Targeting conflicts of interest
The Financial Conduct Authority has identified a small number of targeted adjustments to its UK Listing Rules for closed-ended investment funds, following a review that stress-tested existing regulations against various hypothetical scenarios.
These proposed changes aim to ensure the rules apply consistently as markets evolve and to strengthen shareholder protections.
Specifically, the FCA proposes to ensure the same protections that apply to arrangements with an existing investment manager also apply when a new manager is being appointed, guaranteeing consistent safeguards for all changes to investment manager fees and strategies.
Furthermore, the proposals seek to recognise the association between a director and a substantial shareholder that proposed them for a board appointment, strengthening the integrity of boards acting independently of any investment manager.
A third key adjustment addresses conflicts arising where a substantial shareholder is also an investment manager and votes on material changes to investment policies, ensuring that the rights of minority shareholders are appropriately protected.
The FCA believes these changes are important given the central role of the investment management contract in shaping outcomes for shareholders.
Shareholder power at stake
Closed-ended investment funds operate with a distinct structure, functioning as both listed companies and investment vehicles.
In this model, shareholders appoint a board, which then appoints and oversees the investment manager responsible for delivering returns.
Shareholder rights are central to this framework, enabling investors to hold boards accountable and influence key decisions.
Jon Relleen, director of infrastructure & exchanges at the FCA, emphasized the importance of these elements.

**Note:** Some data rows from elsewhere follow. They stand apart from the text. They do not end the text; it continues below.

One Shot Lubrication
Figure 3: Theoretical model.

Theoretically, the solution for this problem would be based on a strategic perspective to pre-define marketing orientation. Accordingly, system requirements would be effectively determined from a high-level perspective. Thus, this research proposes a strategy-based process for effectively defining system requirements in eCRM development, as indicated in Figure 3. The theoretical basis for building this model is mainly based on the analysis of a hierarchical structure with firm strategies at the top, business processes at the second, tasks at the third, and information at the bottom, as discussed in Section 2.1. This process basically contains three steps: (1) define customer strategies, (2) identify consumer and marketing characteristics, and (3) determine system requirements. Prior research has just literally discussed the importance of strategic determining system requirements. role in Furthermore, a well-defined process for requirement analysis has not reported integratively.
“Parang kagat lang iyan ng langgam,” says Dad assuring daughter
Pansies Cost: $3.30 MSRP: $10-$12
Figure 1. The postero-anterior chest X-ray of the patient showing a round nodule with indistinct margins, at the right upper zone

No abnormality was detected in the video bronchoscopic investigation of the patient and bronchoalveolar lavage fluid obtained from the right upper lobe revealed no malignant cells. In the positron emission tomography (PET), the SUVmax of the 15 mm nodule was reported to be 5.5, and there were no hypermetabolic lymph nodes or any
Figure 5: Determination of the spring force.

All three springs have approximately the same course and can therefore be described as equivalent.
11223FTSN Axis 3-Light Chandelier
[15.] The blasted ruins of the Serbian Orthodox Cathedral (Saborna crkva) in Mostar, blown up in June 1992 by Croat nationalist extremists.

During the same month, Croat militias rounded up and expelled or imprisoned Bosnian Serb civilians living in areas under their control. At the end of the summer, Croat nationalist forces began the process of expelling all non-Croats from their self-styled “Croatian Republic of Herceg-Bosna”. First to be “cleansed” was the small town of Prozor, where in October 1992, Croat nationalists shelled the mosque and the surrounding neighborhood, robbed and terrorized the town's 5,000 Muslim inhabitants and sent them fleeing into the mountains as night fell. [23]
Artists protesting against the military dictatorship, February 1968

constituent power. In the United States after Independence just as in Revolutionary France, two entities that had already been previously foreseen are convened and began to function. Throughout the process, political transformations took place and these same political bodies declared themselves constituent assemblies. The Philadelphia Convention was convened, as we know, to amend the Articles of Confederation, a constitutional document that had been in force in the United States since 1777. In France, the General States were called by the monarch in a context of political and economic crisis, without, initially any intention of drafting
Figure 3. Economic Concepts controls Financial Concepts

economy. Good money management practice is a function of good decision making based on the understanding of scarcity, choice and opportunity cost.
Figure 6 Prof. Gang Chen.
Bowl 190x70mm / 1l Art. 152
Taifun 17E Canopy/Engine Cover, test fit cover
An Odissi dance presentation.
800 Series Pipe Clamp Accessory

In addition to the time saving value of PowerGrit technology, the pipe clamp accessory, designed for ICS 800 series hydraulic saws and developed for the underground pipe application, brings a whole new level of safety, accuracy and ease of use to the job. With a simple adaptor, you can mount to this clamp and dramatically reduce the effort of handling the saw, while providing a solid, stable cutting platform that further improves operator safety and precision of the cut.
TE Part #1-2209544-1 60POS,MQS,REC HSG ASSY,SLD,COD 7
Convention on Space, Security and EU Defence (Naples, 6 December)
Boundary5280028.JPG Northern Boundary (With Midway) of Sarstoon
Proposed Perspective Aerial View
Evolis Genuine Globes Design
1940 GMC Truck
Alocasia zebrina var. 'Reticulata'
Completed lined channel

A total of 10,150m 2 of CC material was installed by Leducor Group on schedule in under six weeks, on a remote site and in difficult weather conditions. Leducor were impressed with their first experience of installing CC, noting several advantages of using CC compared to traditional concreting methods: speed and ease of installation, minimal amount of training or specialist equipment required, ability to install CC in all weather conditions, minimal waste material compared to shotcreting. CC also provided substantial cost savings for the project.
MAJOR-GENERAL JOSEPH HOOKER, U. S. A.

He stated, 'Strong shareholder rights and minimal conflicts of interest are crucial to well-functioning markets, including for investment trusts.'
The FCA's proposals are designed to reinforce these foundational principles, ensuring that the unique governance structure of these funds remains robust against potential conflicts.
Proactive, not reactive
These proposals represent a proactive effort by the FCA to future-proof its listing rules, rather than reacting to existing failures.
The targeted adjustments address critical governance vulnerabilities inherent in the dual structure of closed-ended funds.
This move signals the regulator's commitment to robust oversight, particularly in areas impacting minority shareholder protection.